Multicriteria decision making (MCDM) is a valuable tool in water resources management problems since it can incorporate complex and often conflicting goals and objectives and multiple-stakeholders. The MCDM techniques can help decision makers to systematically evaluate and rank different options based on multiple criteria, such as cost-effectiveness, environmental impact, social acceptability, and technical feasibility. By considering multiple criteria, MCDM can help decision makers to make more informed and transparent decisions since the weights and the score of some criteria can be assessed by using the participation of the stakeholders. However, there are problematics and challenges which must be addressed as the qualitative evaluation of the criteria, the existence of multi-stakeholders, the different nature of criteria and the inherent uncertainty of the multicriteria problem among others. There are several “schools” of multicriteria analyses, of which, the distance methods are used to a great extent since these methods can be understandable to the analyst and they have a medium degree of difficulty. These approaches identify ideal and anti-ideal points which are fictitious alternatives in the edges of the decision spaces. They then distinguish the alternatives that are nearest to the ideal and furthest from the anti-ideal [
10].
Due to the fact that, by using the fuzziness, the uncertainty can be incorporated in the models and furthermore, since the fuzzy logic simulates the human reasoning, the fuzziness is widely used in mutlicriteria analysis. In brief, fuzzy set theory [
11] generalizes the classical or crisp sense according to Zimmerman [
12], Kafas [
13] into fuzziness sense involved in human language, that is, in human judgment, evaluation, decisions, within a non-exclusive list of linguistic social terms. Fuzziness can express the linguistic variables which are variables whose values are words or sentences in a natural or artificial language [
14]. Apart from these, the fuzziness can enable us to express the grey zone of the decision and furthermore can provide understandable ways to aggregate different information. Fuzziness, based on the ability to imitate the way of thinking, can generate understandable solutions without ambiguous considerations like the weights’ choice or the aggregation method of objective functions among others [
15], [
16] [
17].
After the invention of intuitionistic fuzzy (IF) set and IF numbers [
18] [
19], the expression to describe the fuzzy sets are totally changed. The fuzzy set uses only a membership function to indicate the degree of belongingness of a member into the set under consideration. The degree of non-belongingness is just automatically the complement by using the widely used fuzzy complement [
20]. The intuitionistic fuzzy sets overcome this restriction.
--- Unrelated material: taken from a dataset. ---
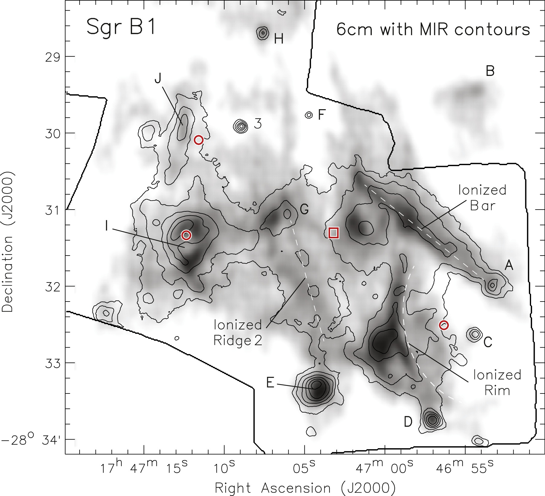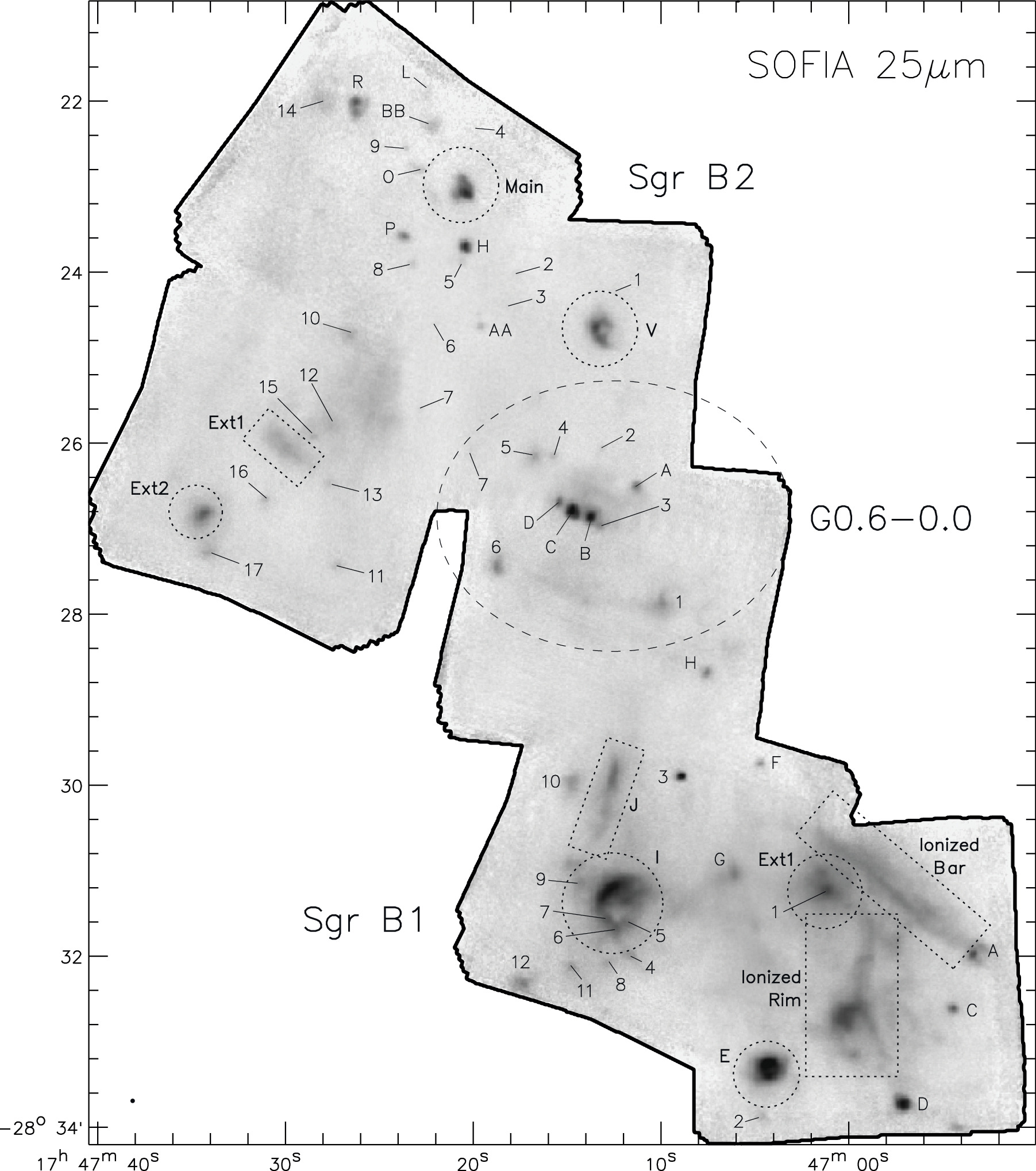 This figure from the research shows Sgr B1 and B2. MYSOs are marked in letters and numbers. Letters represent MYSOs identified as radio continuum sources and numbers represent MYSOs identified as infrared sources. Image Credit: De Buizer et al. 2025. The Astrophysical Journal.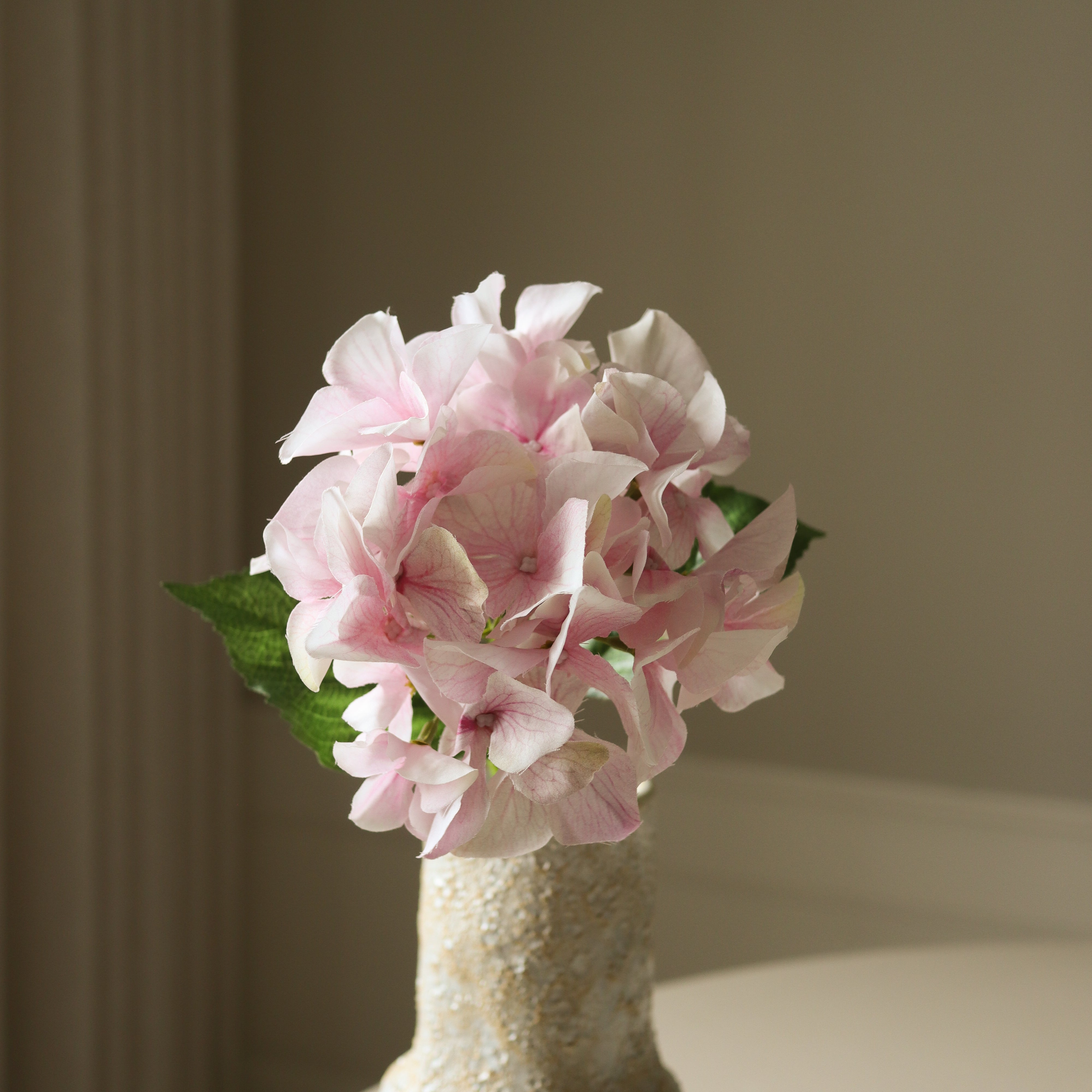 This Light Pink Hydrangea Macrophylla Flower features soft petals in a delicate pastel pink hue with subtle variations in tone. The clustered blossoms form a rounded shape, accompanied by a few deep green leaves. The bloom is supported by a slender green stem, which measures 36 cm in height.

The inherent uncertainty of many real problems can be robustly incorporated by using an intuitionistic fuzzy set (IFS) [
18] which is an extension of an ordinary fuzzy set (FS) [
11]. The main difference between IFS and FS is the representation of hesitancy. More specifically, by using fuzzy sets, the decision can be obtained based on the satisfaction (or dissatisfaction) degree to an alternative using the membership function and its compliment. Whereas, in the case that the decision maker (DM) uses the IFS can further provide the hesitation degree to an alternative that is equal to the difference between the unit and the sum of the membership degree and the non-membership degree. Consequently, the opinion of the DM’s can be reflected more comprehensively [
21]. Nowadays the use of Intuitionistic fuzzy set has a great importance since enable us to use the stakeholder’s opinion and after that to quantify this information. In recent years, the field of intuitionistic fuzzy multicriteria methods has exhibited significant potential, as evidenced by its growing prominence, particularly since the year 2009 [
22].
Linking the above, meaning stakeholder participation within IWRM with the aid of IFS, we focus on the spatial scale of the application. Remote areas are generally characterized by low income (Thrace region is one of the poorest regions in EU), lack of river stewardship, Non-Government Organization (NGO) and environmental awareness, factors that are crucial for stakeholder engagement in decision making. This made our effort larger but more valuable. The eye4water project [
23] has invested in seminars/workshops, living labs, newsletters, data and findings open publications and citizens to researchers’ interactions in a “cluster” type, to foster regional water governance, to enhance the sustainability of monitoring networks and to create stronger bonds with the society. Holding just a consulting role, eye4water wishes to support decision making and strategic planning by taking into account the stakeholders’ opinion on pressures and possible solutions, assisting ultimately in two remote rural river basins (Laspias and Lissos) resilience and risk mitigation. By activating many forms of two-way communication among participants and utilizing institutional support in the form of facilitation and coordination we aim at good water governance processes.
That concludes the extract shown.